Покоритель чёрных дыр [Владимир Валерьевич Покровский] (fb2) читать онлайн


 [Настройки текста]  [Cбросить фильтры]



Вот скажите, откуда и зачем берутся такие спесивые люди, как Витюша Голкомбский?

И район-то наш захудалый, прямо скажем, неважный район, и трассы здесь такие — во всей Галактике хуже не сыщешь, и шлют сюда трассеров, какие больше никуда не годятся. Периферия! И сама работа к особому мнению о себе не располагает. Загрузили-разгрузили, привез-отвез, а что у тебя в трюме, не всегда и знаешь. Нет, я не говорю, что народ плохой. Народ, как и везде, разный. Делаем свое дело, кто хорошо, кто — не очень, а в общем, ничего — работаем. Тех, кто все-таки загордится, обстоятельства быстро осаживают — стоп, друг, дело твое, конечно, нужное и сам ты нужный, но никакой особенности в тебе нет, а главное, не требуется. Знай себе вози.

Самой вредной, самой гадкой трассой всегда считалась у нас Шестая. Хуже была только Вторая, но ее снесли полвека назад. Шестая, одна из первых в районе… Соединяет она Праздничное и Морду Смерти. Официальное название у Морды — Лик Смерти, но это для отчетов. Планета, надо сказать, страшненькая и битком набитая разными загадочными явлениями. Климат для жизни малоподходящий, но такое впечатление, что жизнь есть. Или что-то еще, очень похожее на жизнь. Там постоянно работают экспедиции и вечно у них что-нибудь случается. То пожар, то взрыв, то эпидемия, то с ума кто-нибудь сойдет, то просто исчезнет, то еще что. Так или иначе, а работы на Морде ведутся и еще долго будут вестись, вполне возможно, откроют там, наконец, что-нибудь интересное и тогда проложат новую трассу.

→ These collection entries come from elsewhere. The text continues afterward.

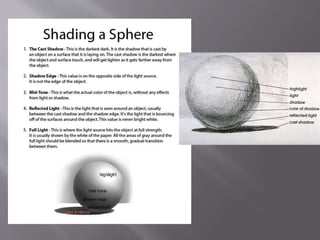 The document discusses the element of art called value. It defines value as the lightness or darkness of an object or surface. Value creates the illusion of three-dimensional form, texture, contrast between light and dark areas, and visual interest through variation. Different artistic mediums like graphite, charcoal, and ink can be used to render values. Value scales demonstrate the range of values. Techniques for applying value include shading, hatching, cross-hatching and stippling. Proper use of value is important for realistically depicting form. The document provides instructions for creating a value scale drawing to practice rendering values from light to dark.
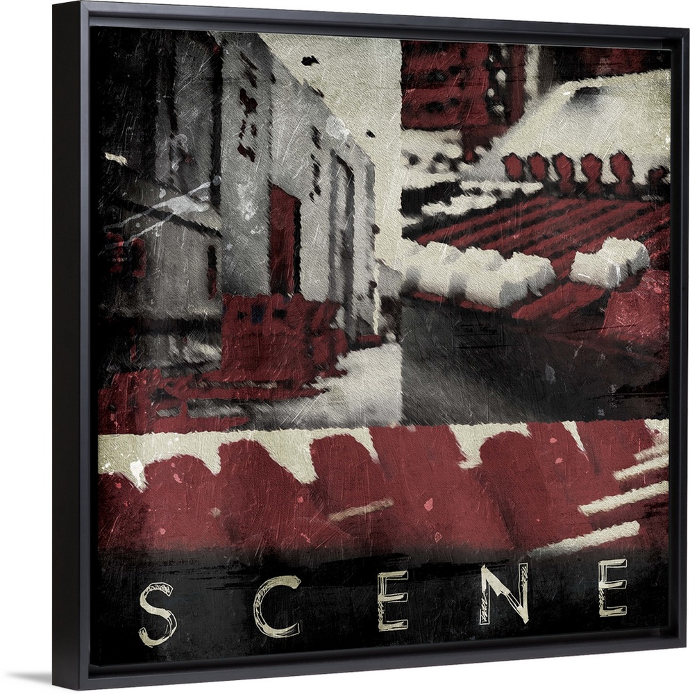 <p>A vintage square theater art piece with the word ?Scene? at painted the bottom.</p>
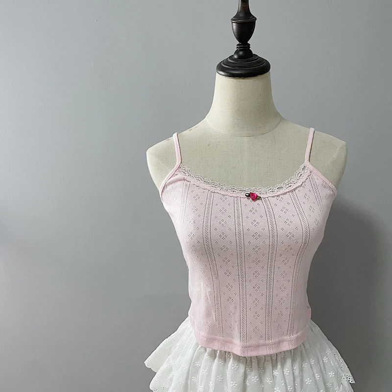 Женский укороченный топ с кружевной отделкой, розовый ажурный топ с цветочным принтом для милой девушки
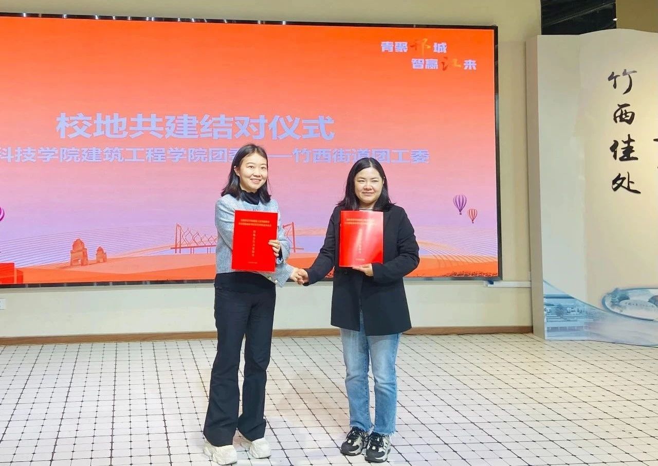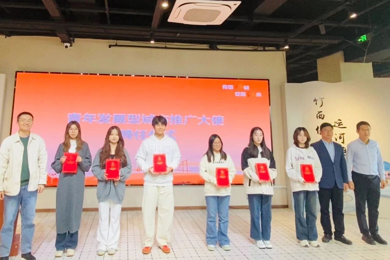 邗江团区委书记周舟等为学生代表颁发了青年发展型城市推广大使聘书。会上还揭牌了云顶集团就业创业实习实践基地,竹西街道团工委与学院团总支签署了共青团校地共建协议。
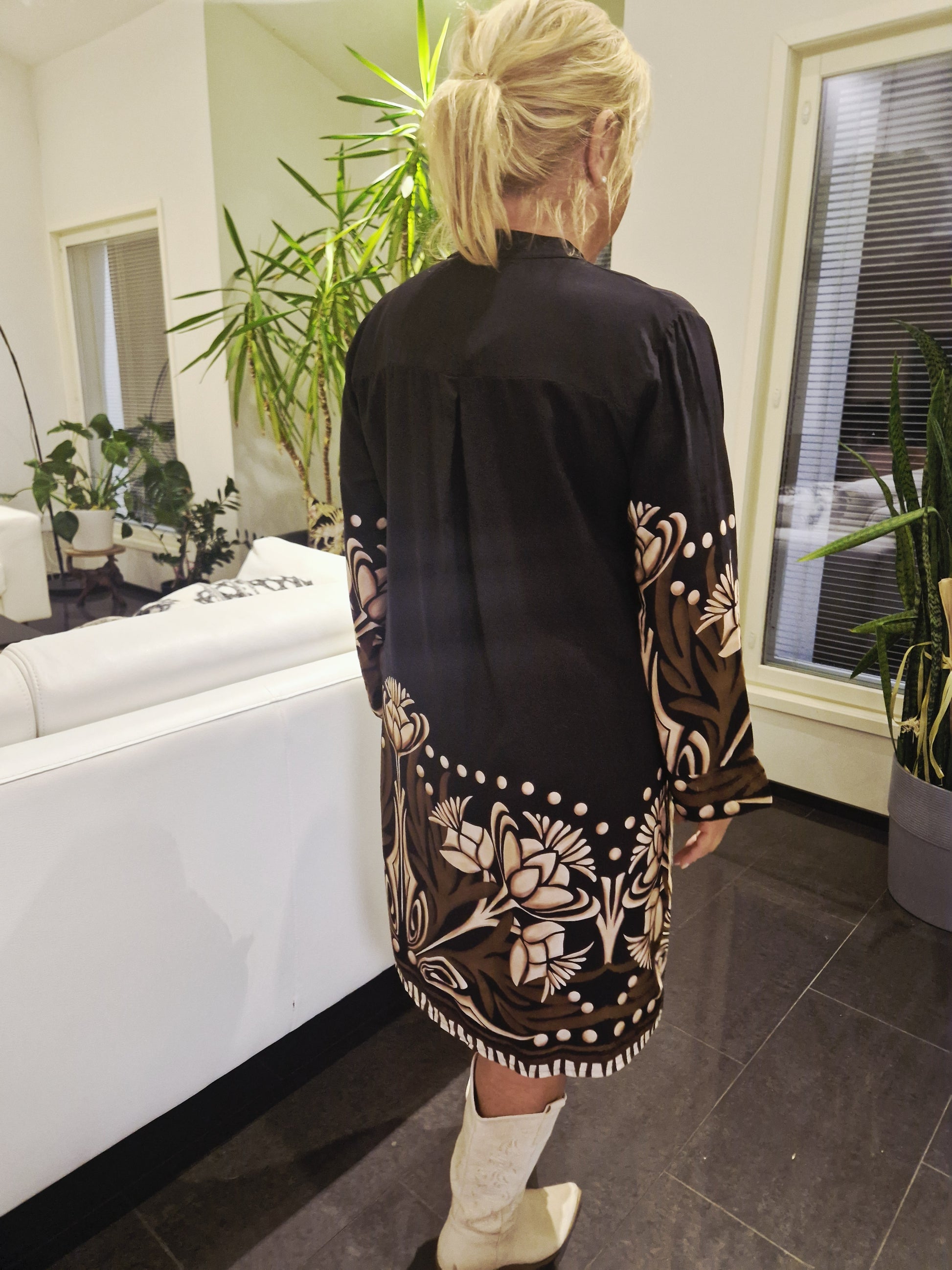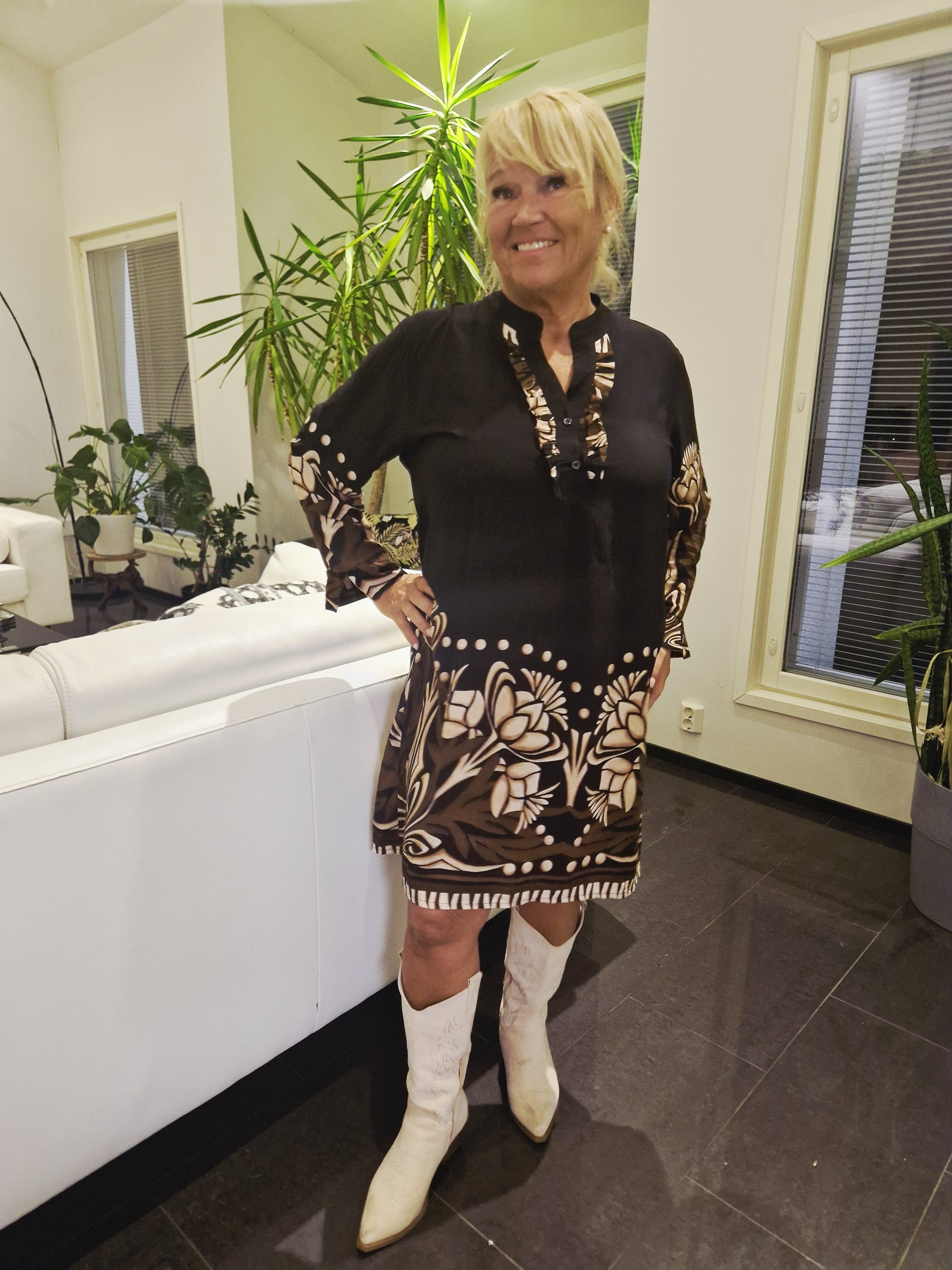 Ihana uutuus Martalta! Tunika tai mekko, 100% viskoosi. Himpun vajaamittainen hiha, halkio. Edestä pituus n. 95cm ja takaa vähän pidempi n. 100cm.
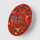 Red Mayan Sun Disk Aztec History Clock Runde Wanduhr
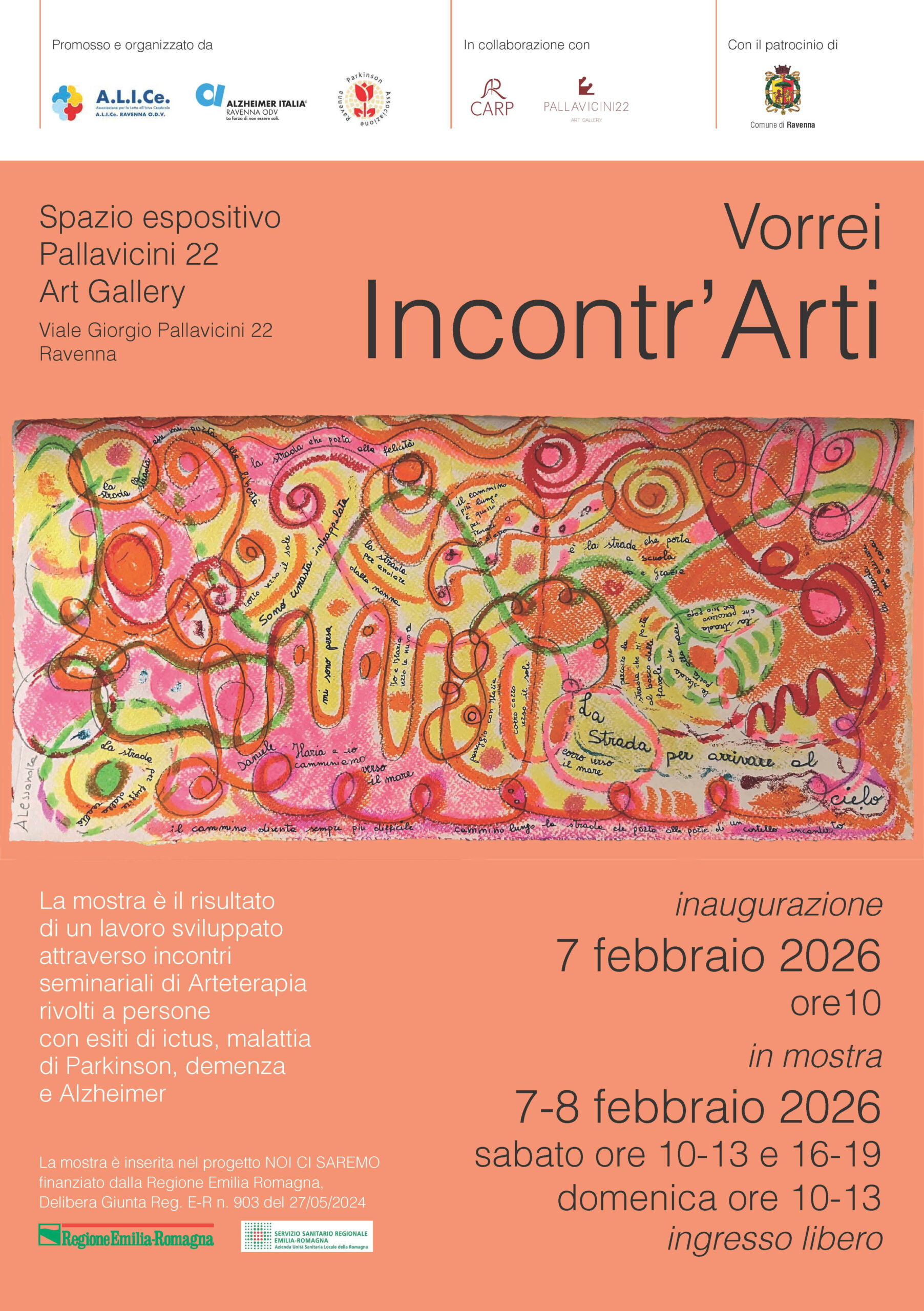 L’iniziativa è promossa e organizzata da A.L.I.Ce Ravenna Odv, Alzheimer Ravenna Odv e Ravenna Parkinson Aps, in collaborazione con CARP e Pallavicini 22 Art Gallery, con il patrocinio del Comune di Ravenna.
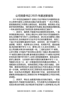 公司2025年度党政领导班子工作述职报告:坚持党建引领赋能高质量发展,聚焦主责主业提升核心竞争力.docx
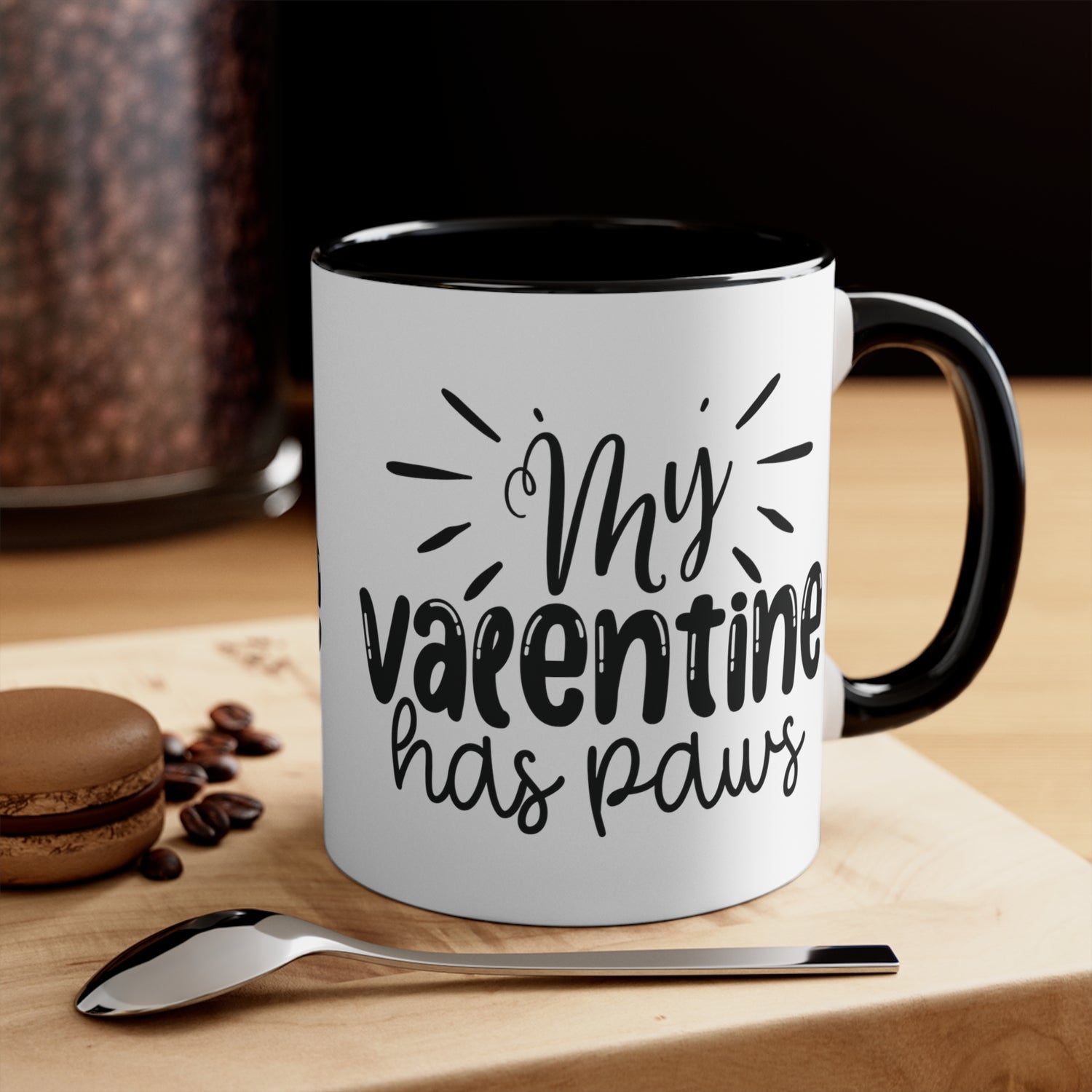 My Valentine Has Paws Accent Coffee Mug, 11oz

Потому как эту проложили специально для того, чтобы поиздеваться над трассерами, другого объяснения не вижу.

Какие в мире есть неприятности, все — здесь. И пыль, и камни, и вихри, и проходы с нестабильной конфигурацией. Говорят, даже точки выпадения есть, но это уже из области фантастики. Я в них не верю. Плюс ко всему рядом с трассой имеется дырка. Уже сама по себе дыра — источник всяческих волнений, тем более такая, как эта — третьей степени, размытая, с неравновесными фронтами, не дырка, а тренажер для циркачей. Но даже не в этом суть. А в том, что дырка эта — нечистая, с дыровиками. Причем какие мерзопакостные дыровики! То ракету назад повернут, то груз уволокут, то еще что-нибудь. Один вылетел (Тенгиз Камикашвили, может, слышали, сорока еще не было, жениться собирался), а через сутки вернулся глубоким стариком, Меня, объясняет, около дырки затормозило. Восемьдесят один год почти на нулевой скорости шел.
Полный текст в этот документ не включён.